◆ MATERIALS PROVIDED
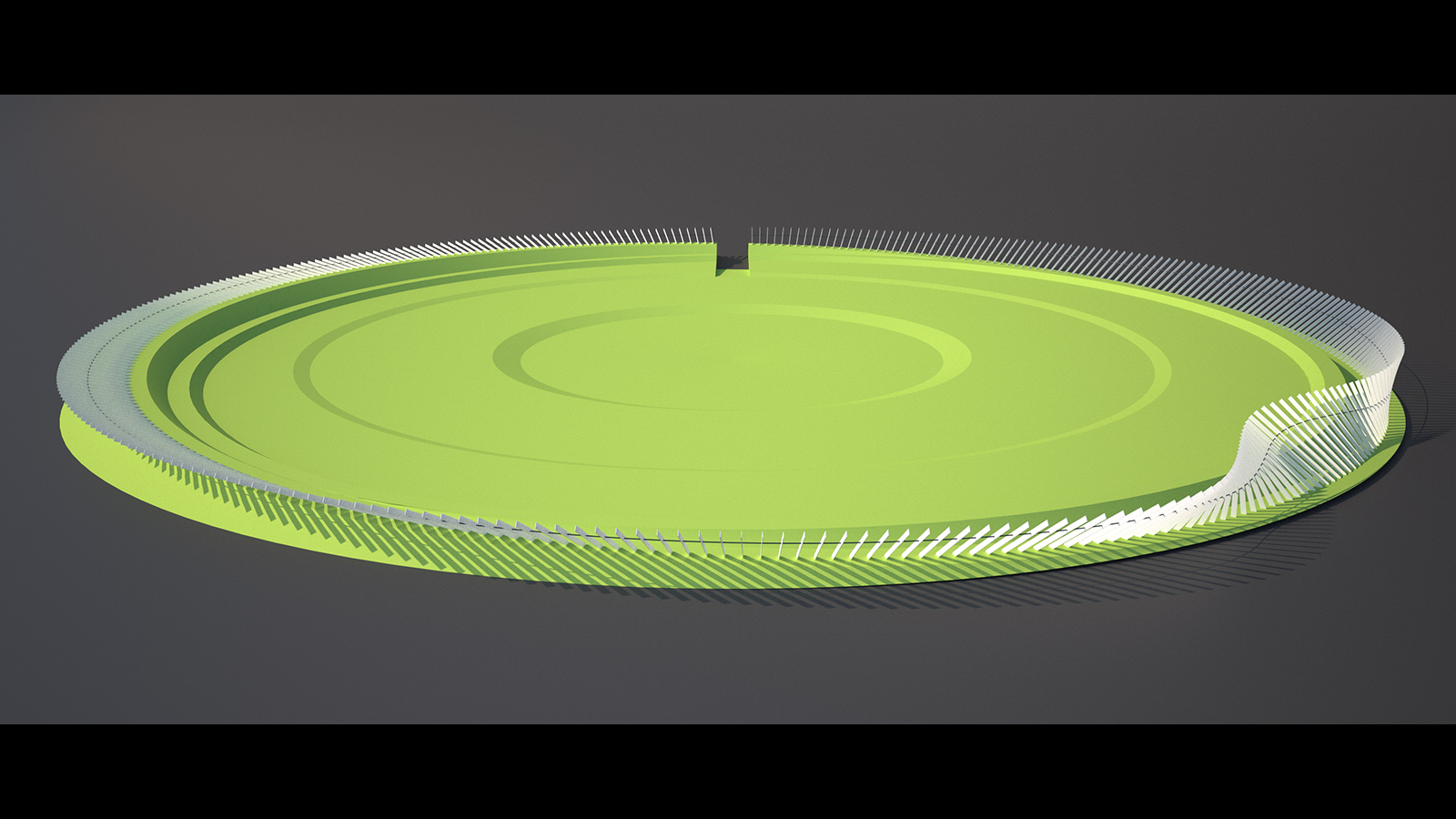 Programirani rasvjetni sustav osvjetljava vodenu maglicu, štapove i zelenu površinu nasipa. Osvjetljena vodena maglica koja se pojavljuje u noćnim satima iz prstena štapova pojačava čitanje autonomne forme sveobuhvatnog sustava, njegov identitet i prepoznatljivost, te stvara osjećaj jedne efemerne vodene strukture koja dematerijalizira cijeli prsten. Nasip je prekinut samo u sjevernom dijelu gdje je smješten ulaz/izlaz servisne ceste za održavanje unutrašnje centralne retencije i kišnog vrta koji su ujedno i treći funkcionalni prsten predloženog rješenja.
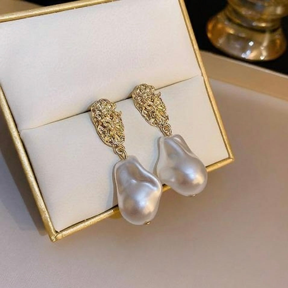Make a bold yet elegant statement with these baroque pearl drop earrings. Designed with a gold-plated textured top and a unique irregular pearl-like drop, these earrings exude luxury and sophistication. Perfect for women who love vintage-inspired jewelry, they can be styled with both ethnic and western outfits. Lightweight yet eye-catching, they are ideal for weddings, cocktail parties, festive wear, or romantic dinners, and also make a memorable gift for someone special.
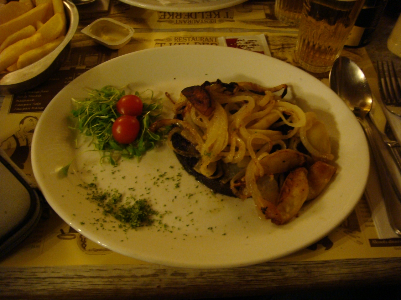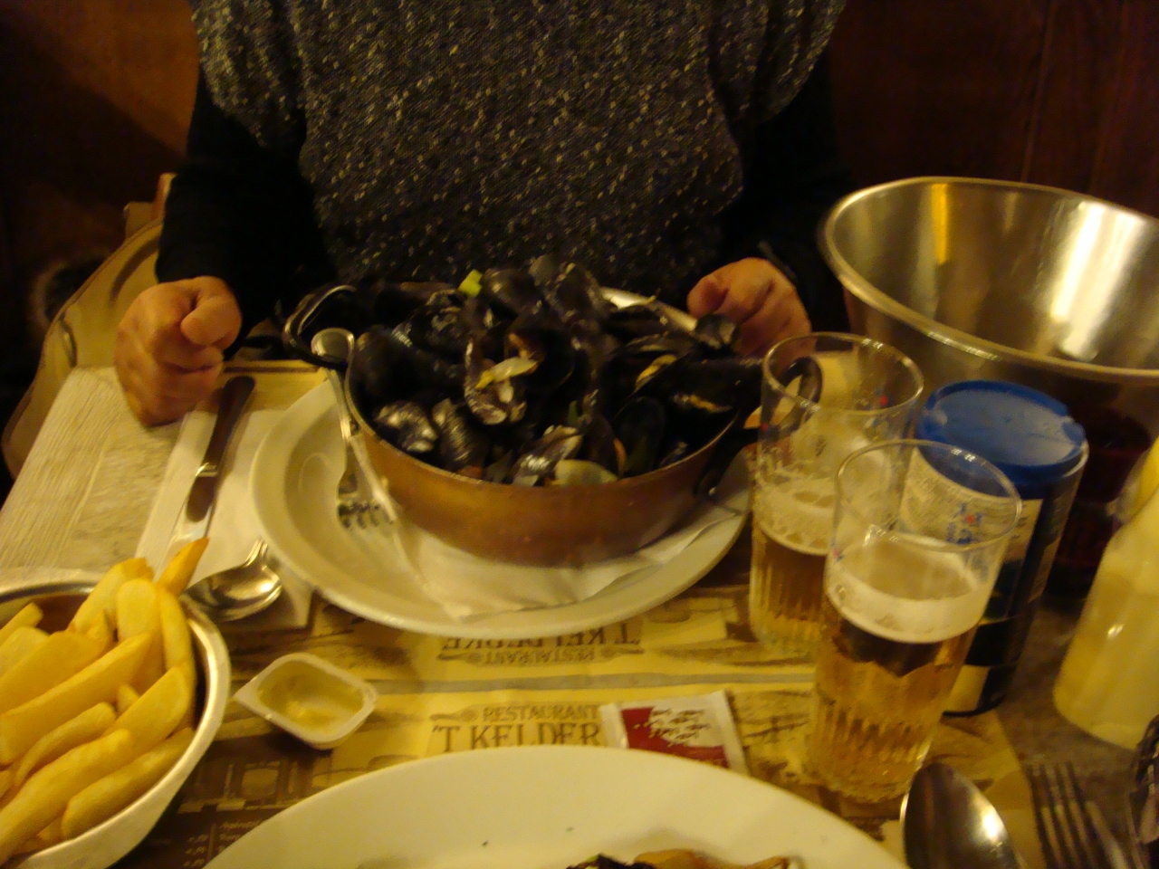 - ムール貝と田舎風の料理を注文 どちらも口に合う もちろんベルギービールも、ただし種類が多くてごく普通の種類にしてしまったのが残念
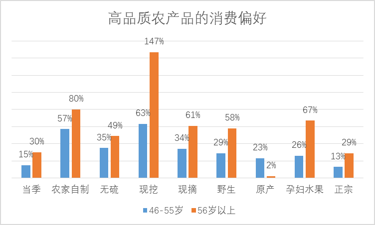 46歲以上消費者對農產品的品質特征更為關注。他們更愛買現挖現摘、農家自制、野生的農產品,對天然、高品質的孕婦水果消費偏好也高于其他消費人群。
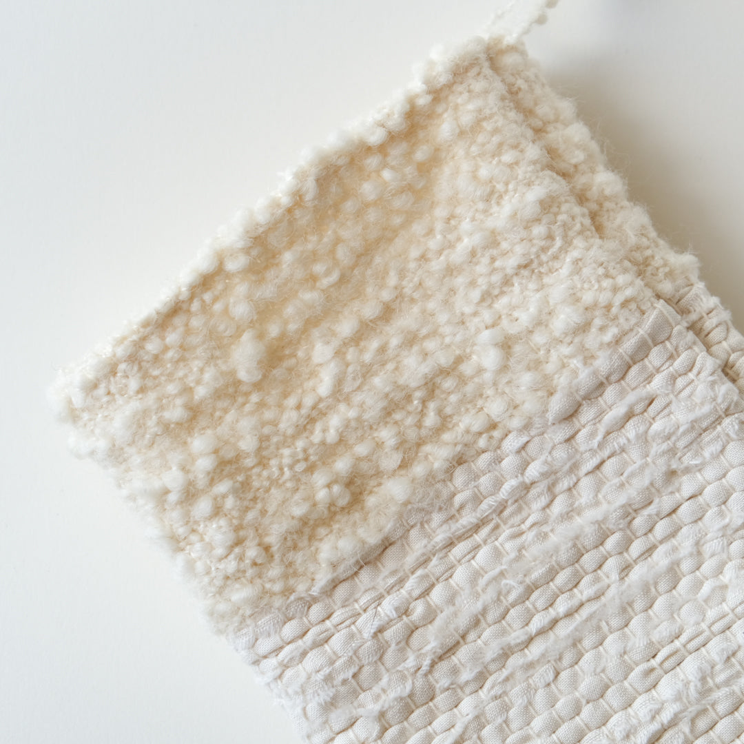 緯糸:ミルキーホワイトcotton100%、生成りポコ wool100 経糸:cotton100%
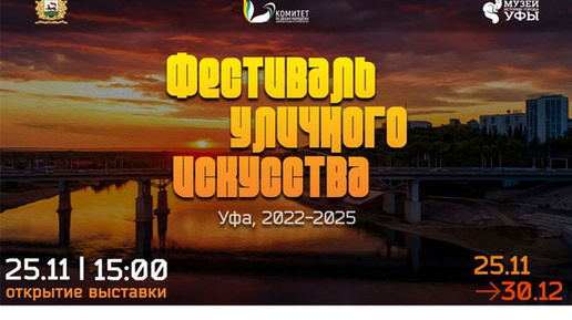 25 ноября в 15 часов в Музее истории Уфы откроется выставка «Фестиваль уличного искусства в Уфе». Мероприятие подведет итоги четырехлетней работы проекта, который преобразил города. Экспозиция собрала работы с фестиваля с 2022 года...

◆ WHAT YOU SHOULD DO
Your answer must be exactly the lines from the one with "- ムール貝と田舎風の料理を注文 どちらも口に合う" through the final line of the data, with no pictures in it.

◆ YOUR SOLUTION
 - ムール貝と田舎風の料理を注文 どちらも口に合う もちろんベルギービールも、ただし種類が多くてごく普通の種類にしてしまったのが残念
 46歲以上消費者對農產品的品質特征更為關注。他們更愛買現挖現摘、農家自制、野生的農產品,對天然、高品質的孕婦水果消費偏好也高于其他消費人群。
 緯糸:ミルキーホワイトcotton100%、生成りポコ wool100 経糸:cotton100%
 25 ноября в 15 часов в Музее истории Уфы откроется выставка «Фестиваль уличного искусства в Уфе». Мероприятие подведет итоги четырехлетней работы проекта, который преобразил города. Экспозиция собрала работы с фестиваля с 2022 года...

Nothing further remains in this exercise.